Determination of protein function based on structure has prompted the need for a repertoire of representative protein structures. Human expertise is key to the reliable classification of such a repertoire. Therefore, we do not propose that the current approach should replace expert knowledge, rather it may assist current manual and semi-automatic practices. Nevertheless, the accuracy of up to 94% is promising and highlights the potential of automated structure classification. Random forest can learn the triangle equality of two pairs with a common domain, thereby predicting the same classification for both the pairs. In the case of difficult targets (proteins with less than 25% sequence similarity), the predicted classification can minimise the number of probable levels for further consideration. Subsequent manual inspection of fewer levels would require less time.

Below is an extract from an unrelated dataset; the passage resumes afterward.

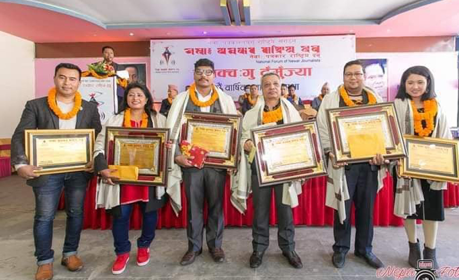 कार्यक्रममा जनआस्थामा प्रवन्ध सम्पादक वरिष्ठ पत्रकार राजेन्द्र स्थापितलाई ज्ञानज्योति लक्ष्मीप्रभा पुरस्कार प्रदान गरियो । २० हजार रुपैयाँ राशीसहित स्थापितलाई पुरस्कृत गरिएको हो । त्यस्तै नागरिककर्मी पत्रकार वृmष्ण किसीलाई रु. १५ हजार राशीसहित ज्ञानदेवी मणिरत्न स्थापित स्मृति पत्रकारिता पुरस्कार प्रदान गरियो । त्यस्तै फोटो पत्रकारितामा निरन्तर सक्रिय रहेकी महिला फोटो पत्रकारलाई रेखा शाक्यलाई बाबुराजा ज्यापु फोटो पत्रकारिता पुरस्कारबाट पुरस्कृत गरियो । उक्त पुरस्कारको राशी रु. १० हजार रहेको छ । बुद्ध धर्मको सन्देश प्रचार प्रसारमा योगदान दिएको भन्दै बोधि टेलिभिजन भिक्षु कुमार काश्यप स्मृति पत्रकारिता पुरस्कार प्रदान गरिएको छ । बोधि टेलिभिजनका कार्यकारी निर्माताले राजु नापितले बोधि टेलिभिजनको प्रतिनिधित्व गर्दै रु. १२ हजार राशीसहितको उक्त पुरस्कार ग्रहण गर्नुभयो । उत्तरी र दक्षिणी दुबै मोहडाबाट सगरमाथाको सफल आरोहण गर्ने पहिलो र हालसम्म एक मात्र महिला पत्रकार कल्पना महर्जनलाई पनि सोही कार्यक्रममा विशेष सम्मान प्रदान गरिएको थियो । त्यस्तै नेपाल सरकारको न्यूनतम पारिश्रमिक निर्धारण समितिमा सदस्यमा मनोनित हुने नेवाः पत्रकार ऋषिकेश श्रेष्ठलाई बधाईसहित सम्मान गरिएको थियो । सम्मानित सबैलाई मध्यपुर थिमि नगरपालिकाका प्रमुख मदन सुन्दर श्रेष्ठले दोसल्ला ओढाउनुभयो भने वागमती प्रदेशका सांसद राजेश शाक्यले सम्मान पत्र प्रदान गर्नुभयो ।
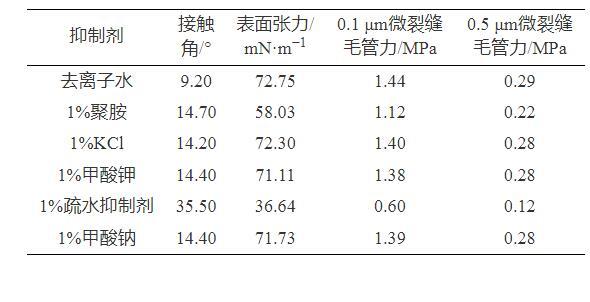 同時從表1中可以看出,疏水抑制劑能夠有效降低溶液的表面張力,當微裂縫的寬度為0.1μm時,微裂縫對于去離子水的毛管自吸力達到1.44 MPa,而加入疏水抑制劑后可以降低至0.60 MPa,而且隨著微裂縫寬度增加毛管自吸力逐漸降低。納米級別的微裂縫具有較高毛管自吸力,所以在體系構建時應封隔頁巖微納米級裂縫和加入疏水類的處理劑,弱化微納米級裂縫的毛管自吸力。

We have analysed mis-classified structures instead of making a detailed comparison with other strategies for the automation of SCOP classification. This is mainly due to the difference in the dataset that we have used, which is not biased to proteins or domains from the most populated folds or families or from the true SCOP classes only. In contrast to the four-level hierarchical classification addressed by our work, other methods are restricted to classification to one or two structural levels. Our intention was also to identify hidden patterns of mis-prediction, which may be suggestive of new structural levels and/or rearrangement in the existing SCOP hierarchy. We have found such patterns and proposed classification of structures from place-holder classes to the true structural classes, although further work may be needed to prove that the mis-classification could guide the merger of a few singleton families, super-families and even folds. These observations are important in light of the foreseeable refinements in the SCOP hierarchy [34] and the rearrangements which occur with every major SCOP release [6]. Moreover, our method is capable of identifying different lineages for a protein with multiple domains. This is attractive, as interacting proteins often share domains and have similar domain architectures [41]. Probably, multi-domain proteins belonging to the same lineage can be studied further to identify interacting pairs. Lastly, we apply random forest to those proteins which are yet to be classified structurally and have extended it to domains consisting of up to six SSEs.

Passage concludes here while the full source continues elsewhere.